The National Film Board of Canada (NFB) selection at the 2023 Toronto International Film Festival (TIFF), taking place September 7 to 17, will feature compelling documentary and animated storytelling from emerging filmmakers. This includes the World Premiere of Montreal director Marielle Dalpé’s professional debut: the animated short Aphasia.
Premiering in the TIFF Short Cuts program, Aphasia is described as an unsettling sensory experience that immerses us in the world of people with Alzheimer’s disease who are facing the loss of their language capabilities. The film utilizes a mixed technique, blending under-camera and digital animation.
From the NFB:
Propelled by a jarring, lyrical aesthetic, the film pulls viewers into a disconcerting sensory experience. Visuals and sounds multiply and are superimposed on each other. Images collide as the voice of the narrator, Clare Coulter, dissolves into echoes. Meanwhile, startling glitch effects shatter the clean lines of the images.

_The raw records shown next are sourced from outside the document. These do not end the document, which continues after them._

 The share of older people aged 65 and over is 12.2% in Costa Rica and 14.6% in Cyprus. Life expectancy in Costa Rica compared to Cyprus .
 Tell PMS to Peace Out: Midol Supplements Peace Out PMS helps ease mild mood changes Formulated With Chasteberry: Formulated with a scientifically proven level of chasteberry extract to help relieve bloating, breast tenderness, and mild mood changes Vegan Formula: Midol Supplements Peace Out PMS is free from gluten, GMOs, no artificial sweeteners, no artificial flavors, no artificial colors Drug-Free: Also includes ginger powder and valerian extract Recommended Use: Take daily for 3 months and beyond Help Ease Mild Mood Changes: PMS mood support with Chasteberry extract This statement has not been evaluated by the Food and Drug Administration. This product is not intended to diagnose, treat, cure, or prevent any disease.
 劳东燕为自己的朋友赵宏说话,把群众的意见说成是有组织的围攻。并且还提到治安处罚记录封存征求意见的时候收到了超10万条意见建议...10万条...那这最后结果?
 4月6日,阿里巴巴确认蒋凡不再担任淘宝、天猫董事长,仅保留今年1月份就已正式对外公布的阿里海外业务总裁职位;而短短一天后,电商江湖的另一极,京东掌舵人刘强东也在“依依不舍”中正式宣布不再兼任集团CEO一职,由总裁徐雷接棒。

In her debut professional animated short, Marielle Dalpé is not content to simply evoke the world of language dysfunction. Instead, she fully immerses us in it. The film allows us to feel what it must be like to engage in a battle with time and the limits of our own minds, while everything seems to be slipping away…
This powerful and important work highlights the ambiguous fragility of existence, and reminds us of that which makes us uniquely human: our ability to communicate.

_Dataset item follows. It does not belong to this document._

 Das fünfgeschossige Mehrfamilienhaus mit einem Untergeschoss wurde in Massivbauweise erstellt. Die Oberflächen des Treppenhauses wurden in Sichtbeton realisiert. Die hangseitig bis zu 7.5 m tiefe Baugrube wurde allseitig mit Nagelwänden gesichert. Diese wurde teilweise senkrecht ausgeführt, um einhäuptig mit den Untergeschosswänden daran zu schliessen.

The English-language version screening at TIFF features the voice of veteran Toronto-born actress Clare Coulter (Three Pines). The 3’45” film is produced by Marc Bertrand and executive produced by Christine Noël for the NFB’s French Program Animation Studio. The sound design is by Luigi Allemano, who also worked on Wendy Tilby and Amanda Forbis’s Oscar-nominated NFB animated short The Flying Sailor.
Since graduating from Concordia University’s Mel Hoppenheim School of Cinema, Dalpé has been a finalist in the 2017 edition of the NFB’s Cinéaste recherché(e) contest, and received a special mention at the pitch competition held at the Cinémathèque québécoise’s Sommets du cinéma d’animation in 2020.
Following its TIFF premiere, Aphasia is also selected for the Ottawa International Animation Festival (September 20–24).